From a total of 1263 archaeal and bacterial genomes in which CRISPR-Cas cassettes are fully annotated [2], 381 genomes encoded 512 distinct Type III genetic modules which were surveyed for accessory genes (Table 1). Selecting five genes immediately upstream and downstream from each module yielded a total of 4467 genes. This number was less than the theoretical total of 5120 genes because neighbouring adaptation modules, Type I interference modules and cas6 genes were omitted from the analysis. All the encoded protein sequences were aligned with one another and a custom similarity metric [1] was calculated and used for Markov clustering (MCL) [28]. This yielded 231 gene clusters each with more than three members. Cas association scores were calculated for each gene cluster using information about Type III coevolution, Type III subtype specificity, and host genome self-similarity.
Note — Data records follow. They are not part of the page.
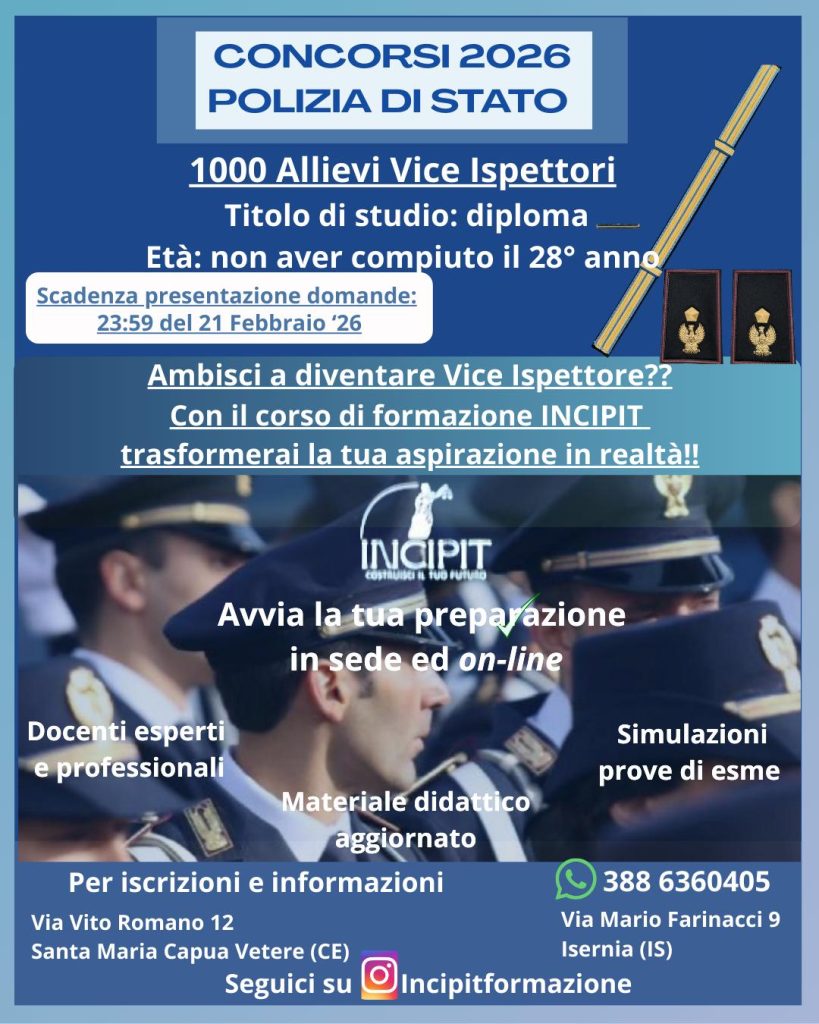 E’ stato indetto con decreto del 19 gennaio 2026 e pubblicato lo scorso 22 gennaio il Bando relativo al Concorso pubblico, per esami, per l’assunzione di 1.000 allievi vice ispettori della Polizia di Stato indetto con decreto del 19 gennaio 2026.
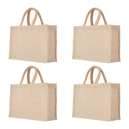 Set of 4 Juco Tote Bags – 14″x12″x6″ Reusable Grocery Bags with Lining
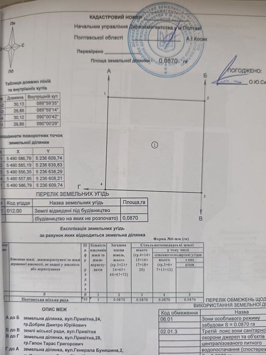 | Земельна ділянка: |

Gene clusters with low Cas association scores were considered spurious and disregarded. The Cas association score ranged from 100 to −100 corresponding to a strong through weak Type III association, and a cut off of 24 was set by comparing the results to the manually curated accessory gene families obtained in the previous archaeal genome study [1]. Thereafter, 76 of the 231 Type III-associated gene clusters were considered strongly associated; the remainder were discarded. The 76 gene clusters encompassed a total of 982 potential accessory genes distributed across the 512 Type III modules. This translated, on average, to two accessory genes per Type III module, varying from no additional genes to more than the core Type III genes (Figure 1). Properties of the 76 gene families are summarized (Table 2) and a more elaborate version (Table S1) is available online.

Table 1.

	present study		Makarova 2014		Vestergaard 2014
	Ar	Ba	Ar	Ba	Ar
Number of genomes surveyed	217	2534	172	484	159
Number of genomes with CRISPR-Cas systems	131	1131	50	133	124
Number of genomes with Type III systems	78	304	34	114	83
Total number of Type III systems	110	402	61	251	125
Number of genomes with accessory genes	67	262	78	180	76
Total number of putative accessory genes	248	734	190	454	239
Accessory genes found outside cas cassettes	0	0	104	152	0
Accessory genes associated to Type III systems	248	734	61	251	210
Total number of non-CARF accessory genes found	136	369	0	0	135

Figure 1.

Gene maps of example Type III gene cassettes including accessory genes. Core Type III genes are drawn in red with csm/cmr numbers for Type III-A/B modules, and cas numbers for Type III-D modules. cas6 and the adaptation module genes are orange and blue respectively, also with cas gene numbers. Accessory genes are drawn in purple with the gene cluster number indicated.

Table 2.

List of putative accessory gene clusters conserved near Type III genetic modules which passed the Type III association score cut-off (>24). A few gene families with lower scores are also included because they have been confirmed as accessory proteins in earlier studies. For each putative accessory protein family, the cluster id, the size (i.e. number of members per cluster), and the calculated Type III association score are listed. An example (gene-) locus id is also provided for reference. Names are provided for accessory protein families identified in earlier studies [1,10,12], while those identified in the present study are indicated in bold with C3a numbers (Cas type 3 Associated). 39 of 76 putative accessory protein families are newly identified. Commonly associated Type III subtypes are listed for each putative accessory protein family. Unclassified variant subtypes are indicated by ‘III’. Most accessory gene families can function with different Type III subtypes. A predicted function is given in the last column.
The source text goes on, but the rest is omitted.